No tabuleiro atual, Wilder Moraes não lidera, não articula e não inspira. E, na política, quem não ocupa espaço é empurrado para fora dele.
Um candidato que não se comporta como candidato
O dado mais revelador não está nas pesquisas, mas nos bastidores: nem mesmo quadros do PL apostam na candidatura de Wilder ao governo. É difícil encontrar alguém disposto a colocar R$ 10 reais nessa aposta. Como analista político, arrisco dizer — sem exagero — que apostaria R$ 10 mil contra R$ 100 de qualquer interlocutor de que Wilder não será candidato a governador.
E a razão é simples: ele não trabalhou sua candidatura.
Enquanto outros nomes se movimentam, constroem discurso, base, alianças e presença pública — como Marconi Perillo e Daniel Vilela — Wilder permanece inerte, ausente, desconectado do jogo real.
Perda de lideranças, perda de espaço, perda de confiança
A política é uma arena de confiança. Wilder perdeu lideranças porque não inspira segurança nem firmeza. Não sustenta posições. Não aguenta embates. Diante de Ronaldo Caiado, recuou. Caiado bateu o pé, e Wilder arriou.
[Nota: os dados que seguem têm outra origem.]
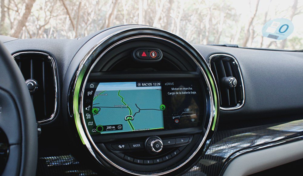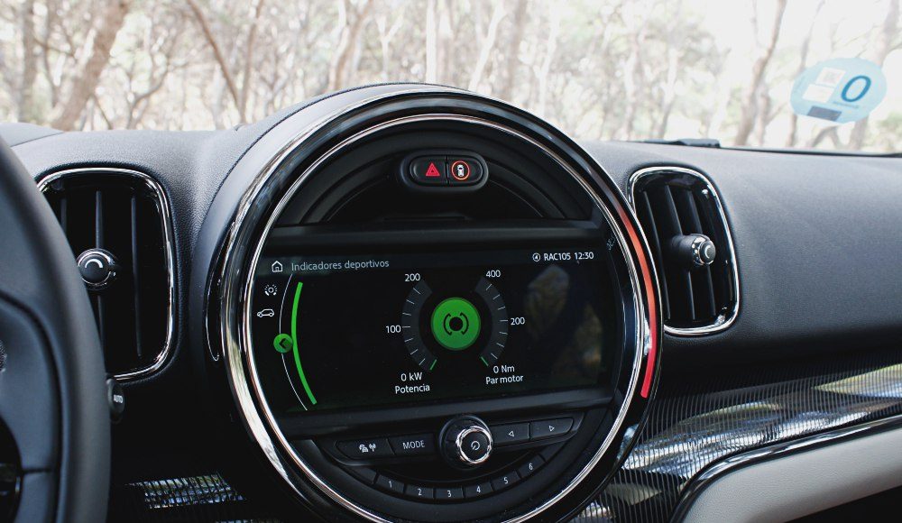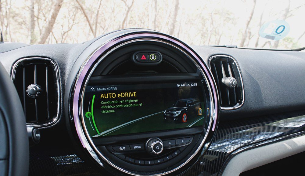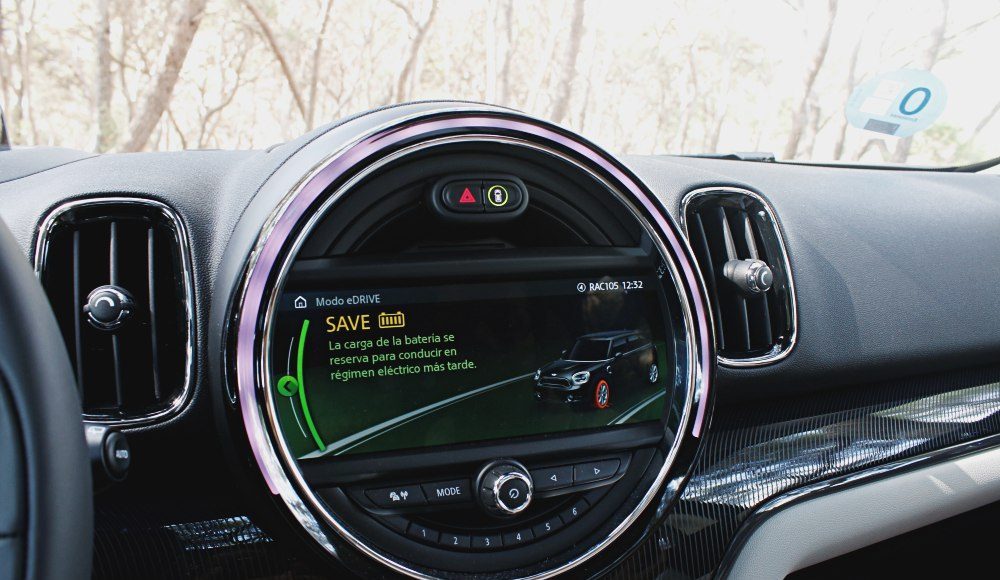 En el interior son pocos los detalles que diferencian al SE de un Countryman convencional, entre ellos el botón de START, que ahora es de color amarillo, así como por el selector que encontramos a su izquierda, desde el que se activan los diferentes modos de conducción híbridos, o el indicador de uso y varga de la betería que encontramos en lugar del cuenta revoluciones, así como por las grafías que aparecen en la pantalla del centro de la consola donde podemos ver representado el flujo de energía.

Esse padrão já havia ficado claro na eleição para a Prefeitura de Goiânia. O caminho natural estava posto. O espaço existia. O discurso poderia ser construído. Mas Wilder se acovardou. Recuou novamente. E agora repete o mesmo comportamento diante da possibilidade de disputar o governo do estado.
Na política, covardia estratégica não é prudência — é atestado de fraqueza.
A armadilha da aliança PL–MDB
A costura entre PL e MDB, se confirmada, sela o destino de Wilder Moraes. Ele perde o discurso, perde a narrativa e perde qualquer chance de protagonismo. Não sendo candidato a governador, não será mais nada relevante no jogo político estadual.
Sem candidatura majoritária, sem liderança interna e sem capacidade de enfrentamento, Wilder se torna um senador em fim de linha — alguém que ocupa cargo, mas não exerce poder.
Isso não afeta apenas o indivíduo. Afeta o partido.
O PL caminha para o mesmo erro do PSDB
O PL em Goiás dá sinais claros de repetir a trajetória trágica do PSDB: cresceu demais, concentrou poder, sufocou lideranças reais e agora começa a perder densidade política.
Ao abrir mão de lideranças competitivas, ao tolerar indecisão e ao se submeter a alianças que esvaziam seu próprio discurso, o PL caminha para se tornar um partido de terra arrasada — grande em estrutura, pequeno em rumo.
O veredito é duro, mas inevitável
A política não perdoa quem foge do confronto. Wilder Moraes não caiu porque foi atacado. Caiu porque não se levantou quando era a hora.
Se a aliança com o MDB se concretizar, o destino estará selado: Wilder estará politicamente morto, e o PL iniciará sua descida rumo ao mesmo fundo do poço que já engoliu outros gigantes.
Na política, liderança não se herda, não se terceiriza e não se improvisa.
Ou se exerce — ou se paga o preço da omissão.